Я так и не успела прочитать как следует всю эту слезоточивую, душераздирающую поэму, собранную разными страдалицами по кусочкам – слишком быстро дошли мы до квартиры. На звонок угрожающим лаем откликнулась Ника. Дверь нам открыла Варя. Она уже собиралась уходить – была при полном параде и даже обутая. Встретившись с её вечно насмешливым взглядом, я в очередной раз поразилась тому, насколько же похожи они с Вадимом.
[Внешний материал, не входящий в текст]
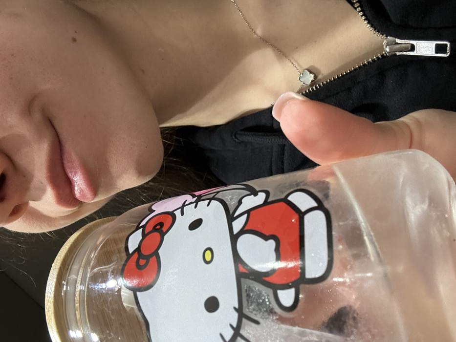 The image depicts a close-up view of an individual holding a clear beverage bottle, located in Pernik, Bulgaria. The subject's lower face, neck, and right hand are visible. The individual has light skin, with the lower part of the nose, full lips, and chin prominently featured. The lips appear slightly glossy. A small mole or blemish is present on the lower right cheek/jawline area. A thin silver chain necklace with a white four-leaf clover pendant is worn around the neck. The subject is wearing a black zippered garment, possibly a hooded sweatshirt or jacket, partially unzipped. The right hand holds a transparent bottle, which has a bamboo-style lid. The bottle contains a clear liquid and is adorned with a "Hello Kitty" decal showing the character in a red dress with a red bow, holding a pink balloon. Condensation or bubbles are visible within the bottle. The background is dark and out of focus, providing no discernible environmental details other than its indoor nature.
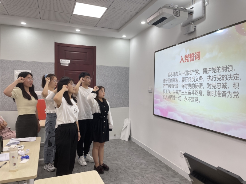 会议最后,5名预备党员在党支部书记高苏沛的带领下,面对党旗进行庄严宣誓。预备党员在大会上向党支部表达了自身的想法与决心,坚定信念跟党走,在今后的学习工作中,严格要求自己,努力改正现有不足,积极向优秀共产党员学习,树立先锋模范作用,争取早日正式加入中国共产党。
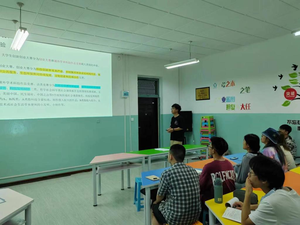 简洁高效的启动仪式结束后,随即开始了训练营的第一部分的第一讲,首讲的内容由项目申报组负责研究生刘锴带来他参与赛事的经历分享。他从参与学校刘鼎杯大赛的经验分享讲起,详细介绍了他一路来参加各种比赛的经历和收获,他希望营员们在生活学习中要主动的发掘发现项目,在项目开展过程中要敢于创新甘于吃苦,在比赛过程中要沉着冷静随机应变。刘锴同学分享的过程中语言干练,幽默诙谐,现场氛围活跃,营员们全程聚精会神,认真聆听。
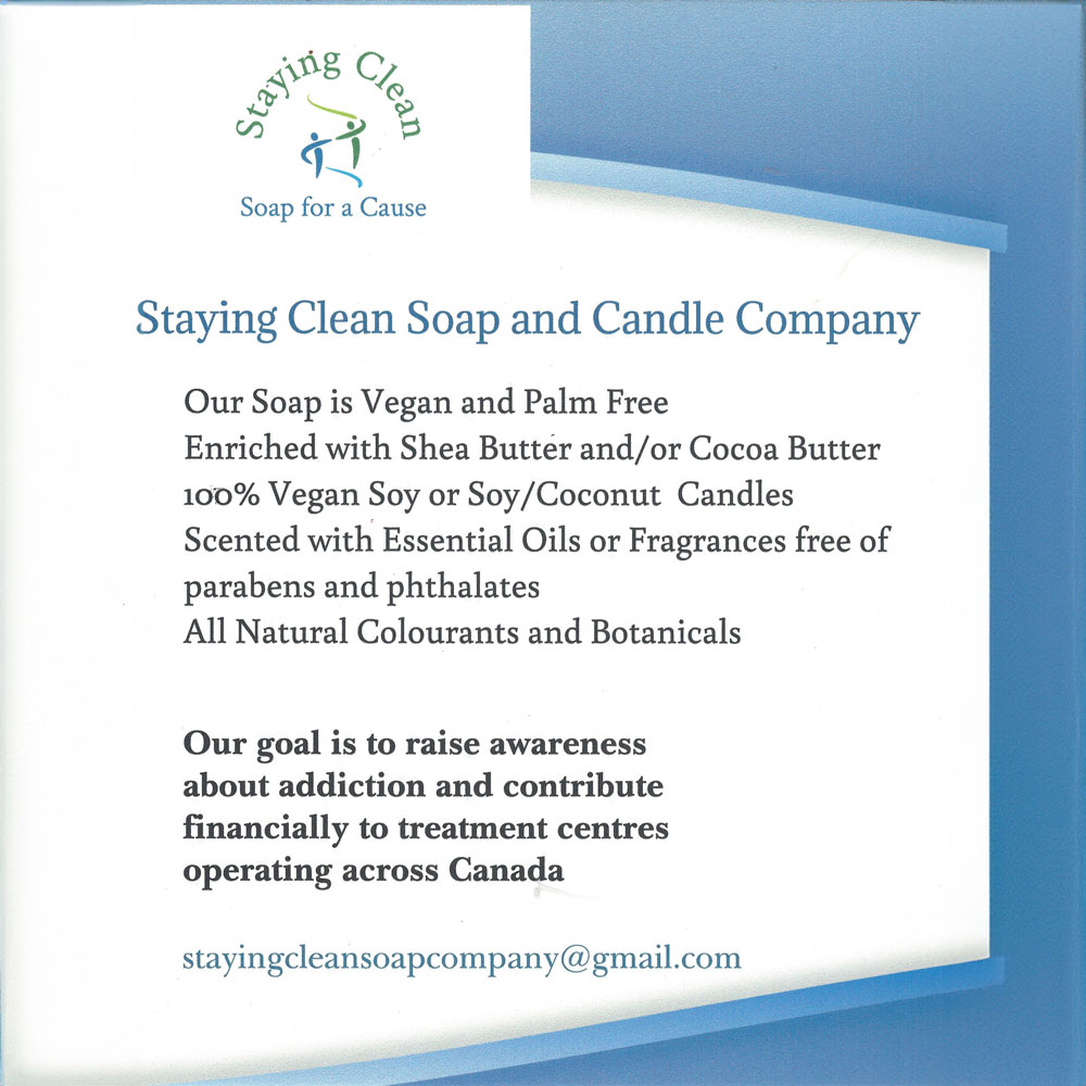Staying Clean Soap and Candle Company Inc. was started in 2023 to raise awareness about the crisis of addiction in society and to raise money for addiction treatment centers operating across Canada. One dollar from every product sale is donated to a Canadian addition treatment facility in the hopes that more people can be served when a choice is made to reach out for help.

Ну просто одно лицо, бывает же такое чудо на свете!
– Привет, герои Куликовской битвы. Вы за Вадькой?
– А он что, готов идти? – Разговаривая с сестрой друга, Виталик невольно подстраивался под её ироничный тон, я это ещё в первый вечер заметила. Удивляюсь только, почему с самим Вадимом он так себя не держал – Канарейка говорил точно с тем же выражением, что и Варвара.
– Какое там! – Варя засмеялась, пропуская нас в прихожую. – Лежит вон, помирает. Вчера его полночи над ванной держали, в чувства приводили всей семьёй. Сегодня зато смирный, стонет только и компрессы на лбу меняет.
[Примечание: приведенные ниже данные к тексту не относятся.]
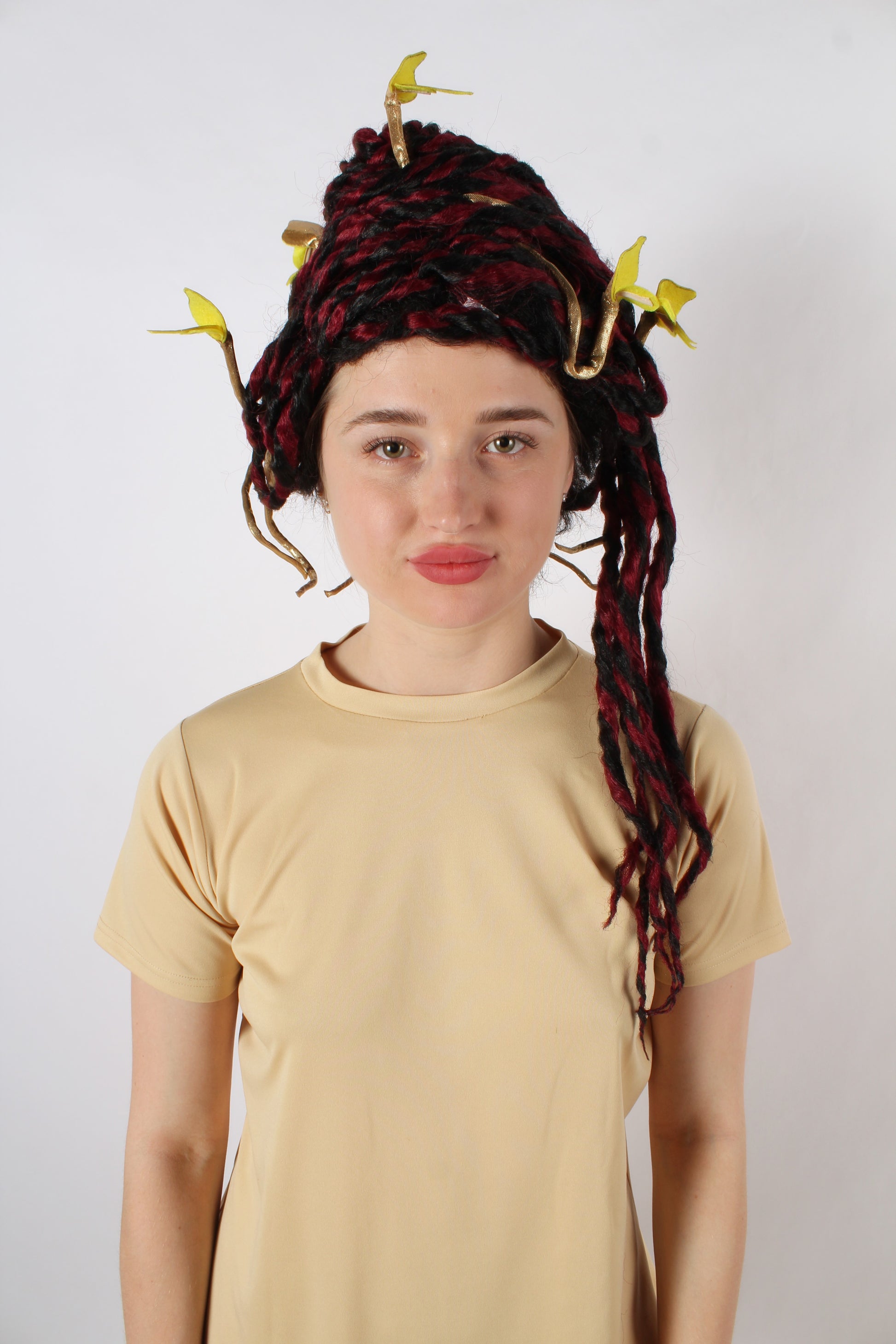 ハロウィンパーティープレミアムレディース H-5663-MBKRD モダンメデューサスネークウィッグ 黒&赤色
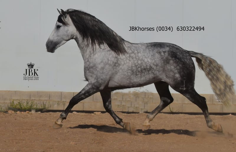 Este magnífico semental PRE del Haras El Ancla nació el 28 de febrero de 2021. Es un ejemplar muy grande de su raza, aunque mantiene un tipo barroco. Valenciano no solo impresiona por su excelente movimiento, sino también por su carácter tranquilo. Es un caballo absolutamente encantador, muy bien educado y que no da ningún problema. En su línea de sangre contamos con dos sementales de élite de la raza: Duque CXIII, de la Yeguada Las Arenas, y Educado X, de la cría Guardiola. Esto habla de su calidad y también se refleja en sus radiografías, que muestran diez estudios sin hallazgos, realizados en octubre de 2025. Además, otros ejemplares de alta calidad de las líneas Bohorquez, El Ancal y Guardiola complementan perfectamente su perfil racial.
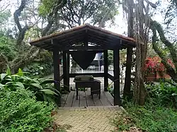 Outside,[18] there was a wall of wattle and daub all around the house, surrounding all the land nearby, except the river side. In this wall a wide wooden gate gave access to visitors. These old walls were built to defend the house from the indigenous that were in the vicinity. There are also two gardens next to the house: a larger one, with large trees, which had silk floss trees in front facing the Pinheiro River (old riverbed) with access through a gate; and a smaller one that was to the left of the entrance, for the private use of the residents, with flower cultivation, climbing plants and begonias. There was also a bed of medicinal plants. Near the exit to the Pinheiros riverbed, there is still today a maize milling used since the house was built.[5][23]
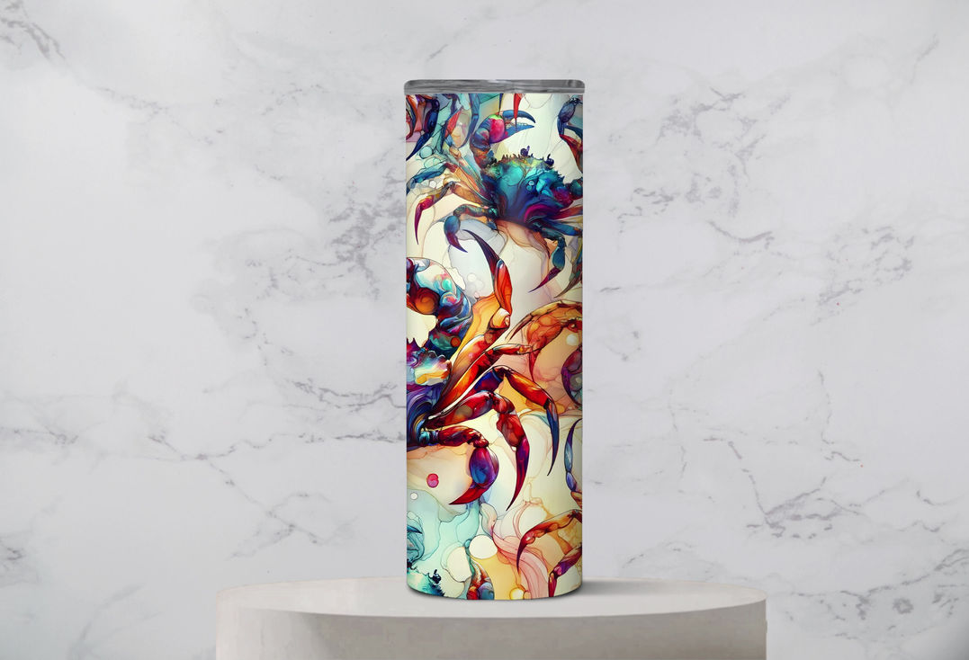 Watercolor Abstract Crab Pattern 20oz Skinny Tumbler Wrap
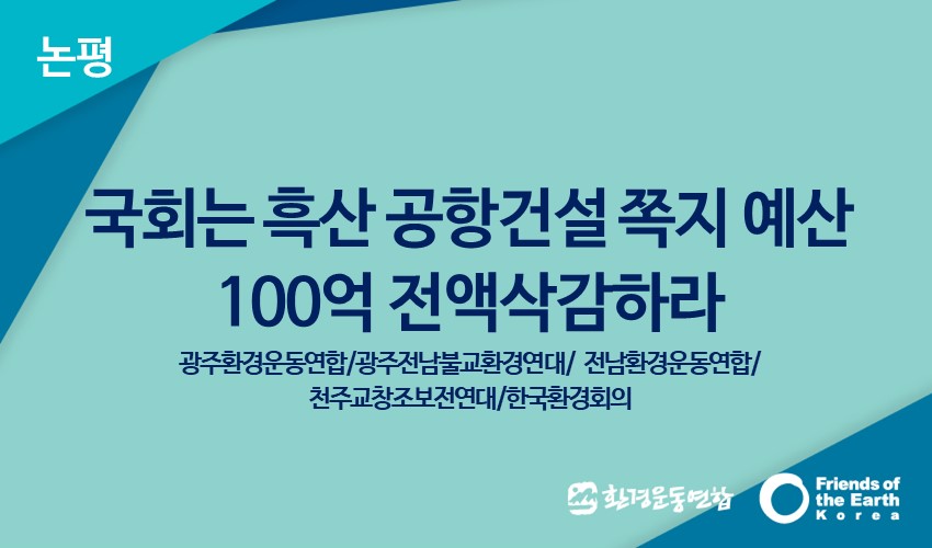 우리는 국회에 국토교통위원회가 의결한 흑산공항 사업비 100억 원의 전액삭감을 강력히 요구한다. 이미 흑산 공항사업은 예산이월과 불용이 되풀이되는 상태다. 잘못된 정책판단과 사업계획 상 심각한 문제가 이유였다. 국회 최종 예산심의를 앞두고 흑산공항 사업비를 삭감하라는 사회적 요구를 수용해야 한다.

В руку мою влажным холодным носом ткнулась Ника – виляя хвостом, она приветствовала меня и Виталика как своих хороших знакомых, и я с удовольствием потрепала её по приятной на ощупь, чуть жестковатой шерсти. Где-то в районе кухни раздавались негромкие взволнованные голоса. Родители, кажется, о чём-то спорили – я узнала голос дяди Коли, в чём-то ласково убеждающий жену:
– Света, это не серьёзно, я тебя уверяю. Ты мне не веришь что ли?...Иди, иди, ничего страшного не случится.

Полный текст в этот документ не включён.